Si le contour urbain de la ville de Chiang Mai ne compte que quelque 170 348 habitants, la province dans son ensemble compte plus de 1 500 000 habitants répartis entre 21 districts, ce qui en fait la 2e plus grande province de Thaïlande après Bangkok.

80% sont des natifs de la région, le reste étant réparti entre des nationaux d’autres régions et des étrangers venus apprécier la douceur de vivre dans la province de Chiang Mai.

Les habitants de la région parlent un dialecte dont la prononciation diffère légèrement du thaï du centre. Le thaïlandais du nord, le Lanna ou encore le Kham Muang est très proche du Lao, et compte quelque 6 millions de locuteurs répartis entre le nord de la Thaïlande et le Laos.
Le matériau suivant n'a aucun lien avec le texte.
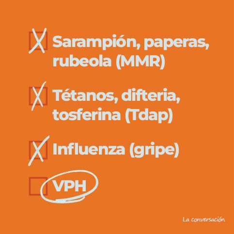 Virus delpapiloma humano (VPH): El VPH es un grupo de más de 150 virus transmitidos a través del contacto íntimo piel con piel que infecta a unos 14 millones de personas en los EE. UU. cada año. El VPH es la principal causa de cáncer de cuello uterino y también puede causar verrugas genitales, así como cáncer de vulva, vagina, pene, ano, boca y garganta. Incluso sin síntomas, las personas infectadas pueden transmitir el virus a otras personas. La mayoría de las infecciones nuevas ocurren en adolescentes y adultos jóvenes de poco más de veinte años, por lo que es importante asegurarse de que su hijo esté protegido mediante la vacunación antes de la exposición al VPH. La serie de vacunas contra el VPH se recomienda tanto para mujeres como para hombres a partir de los 11-12 años de edad y para aquellos que no han sido vacunados previamente, hasta los 26 años para las mujeres y los 21 años para los hombres.

Bien qu’il soit considéré comme un vecteur de leur identité, les habitants de la province le réservent à leurs échanges informels, le thaï du centre étant la langue de l’enseignement et des affaires. L’anglais est également omniprésent, et fait office de linga franca dans le secteur tertiaire, notamment le tourisme.

Du fait de la présence remarquée des minorités ethniques du Nord, l’hégémonie du bouddhisme n’est pas aussi marquée que dans d’autres régions du royaume, en dépit d’une percée progressive dans les villages montagneux. Il subsiste parmi les différentes composantes des tribus des collines les manifestations de croyances religieuses traditionnelles telles que le culte des ancêtres, la vénération des esprits et les systèmes d’offrandes. Dans certaines tribus, ces croyances traditionnelles jouent des coudes avec le christianisme dont l’implantation remonte au 16e siècle.

Enfin, bien qu’elle soit embryonnaire, une petite communauté juive complète la cartographie religieuse de Chiang Mai (descendants de réfugiés de la Russie Impériale et demandeurs d’asile iraniens).